Executive Summary
On June 12, 2025, the U.S. Supreme Court issued a unanimous 9-0 decision in A.J.T. v. Osseo Area Schools that fundamentally dismantled the primary legal shield public school districts have relied upon for more than forty years. By striking down the restrictive "bad faith or gross misjudgment" standard of proof, Chief Justice John Roberts leveled the playing field, making "deliberate indifference" the baseline for disability discrimination damages in K-12 education. For litigators, establishing or defending against these high-stakes claims now hinges on objective, systems-level forensic analysis rather than subjective administrative intent.
For decades, public education systems operated under a highly protective legal buffer. While school districts frequently faced administrative due process hearings under the Individuals with Disabilities Education Act (IDEA), their exposure to financial damages under federal civil rights laws—specifically Section 504 of the Rehabilitation Act of 1973 and Title II of the Americans with Disabilities Act (ADA) of 1990—was heavily restricted (Americans with Disabilities Act [ADA], 1990; Rehabilitation Act, 1973).

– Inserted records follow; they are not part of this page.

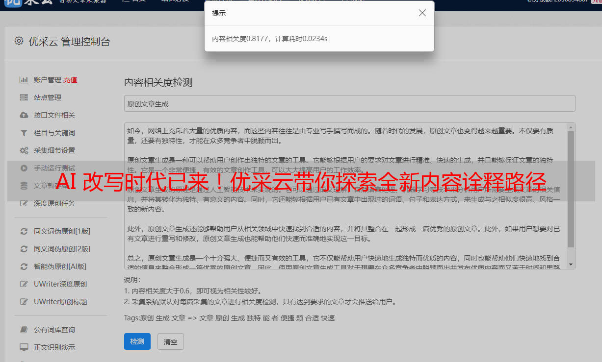 尽管优采云AI能出色地完成文章改写工作,然而,使用者仍需审慎对待并适度调整改写成果。这主要源于AI在应对特殊情境或复杂逻辑时难免出现偏颇。因此,建议用户务必严格审视改写后的文稿,以保证信息的精确度与逻辑的严密性。
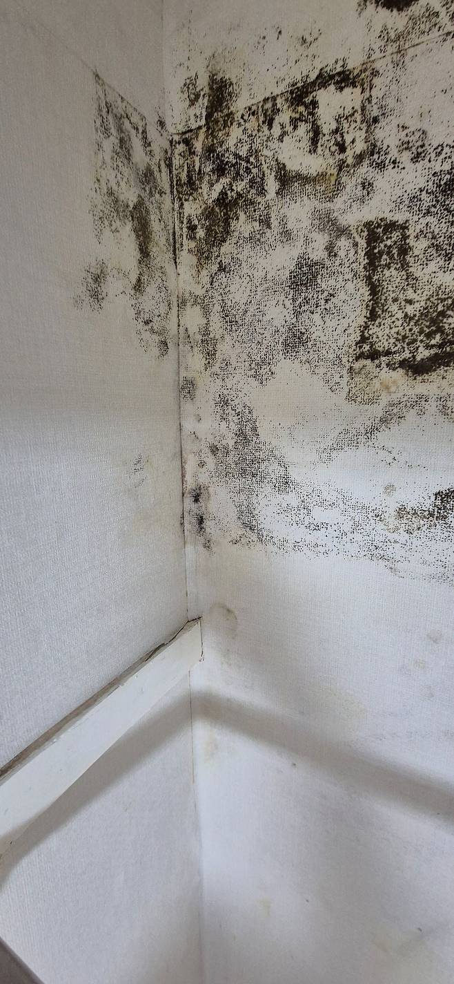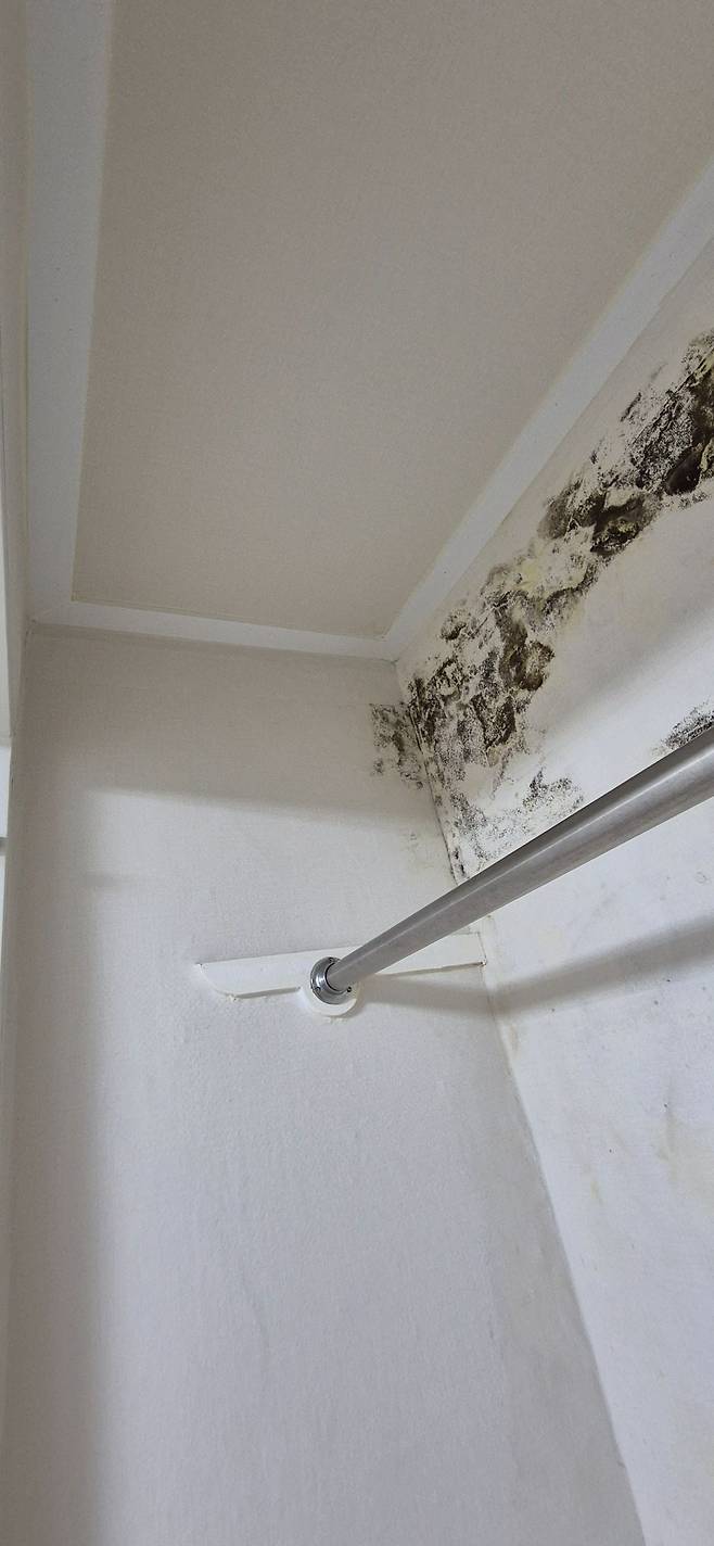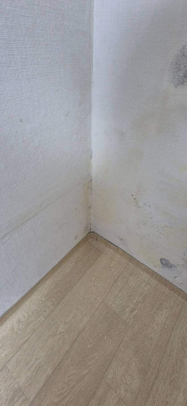 저 벽면 바로 뒤에는 화장실이 있습니다. 안방역시 화장실과 맞대어 있는데 결혼전 리모델링 시 안방 장롱을 걷어내니 화장실과 맞다은 벽면에 엄청난 양의 곰팡이가 있었습니다..
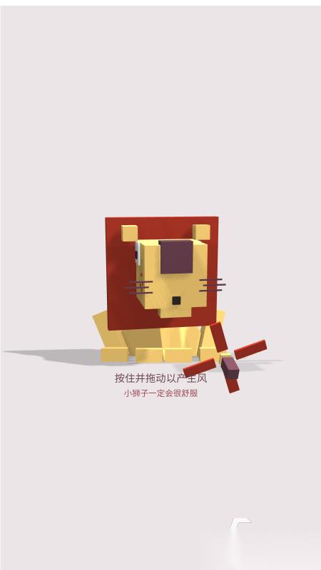 其实游戏所采用的是非常休闲的形式,然后大家可以用手去操控屏幕上面的吹风机,这样就可以去调节风力的方向和强度,在游戏中还会有一头狮子,这个狮子可以随着气流自由的摆动。根据大家所控制的力度,四肢摆动的幅度和协调程度也是不一样的,其实游戏比较的简单,大家可以在休闲的时候去玩。

This protective buffer was anchored in a 1982 Eighth Circuit precedent, Monahan v. State of Nebraska, which established that families seeking monetary damages for educational discrimination had to prove school officials acted with "bad faith or gross misjudgment" (Monahan v. State of Nebraska, 1982). Under this standard, simple administrative negligence, poor communication, or a failure to implement accommodations did not warrant financial liability if the district could demonstrate a "good-faith effort."
On June 12, 2025, the Supreme Court unanimously shattered that framework in A.J.T. v. Osseo Area Schools (2025). Authoring the 9-0 opinion, Chief Justice John Roberts made it clear that school-aged children with disabilities will no longer face a higher standard of proof to vindicate their civil rights than adults face in housing, employment, or public accommodations.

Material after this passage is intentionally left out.